A method is described for preheating steel scrap by means of the exhaust gas from a steelmaking electric furnace, in which in the steelmaking from steel scrap in an electric furnace, an exhaust gas produced in this is conducted to an exhaust gas combustion chamber connected to an exhaust gas outlet line in order to remove the gas contained in the exhaust gas To burn carbon monoxide and to provide a combustion (exhaust) gas, and (wherein) the combustion gas is supplied to at least one, connected in a branch line branching off from the outlet line scrap preheating chamber, in order to preheat a steel charge therein to a predetermined temperature, which is characterized by is that after preheating the steel scrap batch in the preheating chamber, the combustion gas is returned to the exhaust gas combustion chamber to burn combustion products contained in the combustion gas due to incomplete combustion of combustibles contained in the steel scrap.

Description

The invention relates to a method for preheating steel scrap by means of the exhaust gas from a Steelmaking electric furnace in which an in this resulting exhaust gas to an exhaust gas combustion chamber connected to an exhaust gas outlet line is directed to burn carbon monoxide contained in the exhaust gas and a combustion exhaust gas deliver and wherein the combustion gas at least one, in a branching off from the outlet line Branch line switched on scrap preheating chamber is fed to a located therein Preheat steel batch to a predetermined temperature. This process enables steelmaking from steel scrap in the electric furnace, the effective and economical preheating of the steel scrap predetermined temperature while avoiding a

Environmental pollution.

A method is known in which in the steelmaking from steel scrap in an electric furnace the steel scrap is preheated by means of the high-temperature exhaust gas produced in the electric furnace and then is placed in the electric oven for freshening. This process can be used for the freshness in the Electric furnace required time can be shortened and electrical energy required for freshening can be saved.

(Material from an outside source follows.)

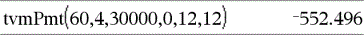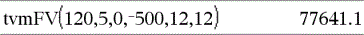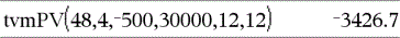 tvmPmt(N,I,PV,FV,[PpY],[CpY],[PmtAt])ÞWert Finanzfunktion, die den Betrag der einzelnen Zahlungen berechnet. Hinweis: Die in den TVM-Funktionen verwendeten Argumente werden in der Tabelle der TVM-Argumente (hier) beschrieben. Siehe auch amortTbl(), hier. |

ίο Fig. 1 schematically illustrates an embodiment a system for carrying out the previous process for preheating steel scrap by means of the exhaust gas from a steelmaking electric furnace. The system according to FIG. 1 contains one Electric furnace 1, an outlet line 2 for the exhaust gas occurring in the electric furnace 1, one into the outlet line 2 switched on exhaust gas combustion chamber 4 and a scrap preheating chamber 6, which is in one of the Outlet line 2 outgoing branch line 7 is switched on. When producing steel from scrap steel in Electric furnace 1 is the exhaust gas produced in this via an exhaust pipe 5 provided in its cover withdrawn and switched into the outlet line 2 Exhaust combustion chamber 4 initiated, along with an appropriate amount of Air, which is sucked in through a gap 3 of adjustable size at the end of the exhaust pipe 5, around the in the exhaust gas to burn the contained carbon monoxide and to deliver a combustion (exhaust) gas.

The combustion gas is turned on to that in the branch pipe 7 leading from the exhaust pipe 2 Scrap preheating chamber 6 passed; this becomes the steel scrap located in the latter is preheated to a predetermined or target temperature. After this The combustion gas is preheated via a cooling chamber 8 and a dust collector or separator 9, which are switched into the outlet line 2, from a forge 11 or the like. Discharged to the outside air. the The system also contains a fan 10 connected to the outlet line 2 and a fan to the branch line 7 switched on fan 14 and gate valve 12 and 13.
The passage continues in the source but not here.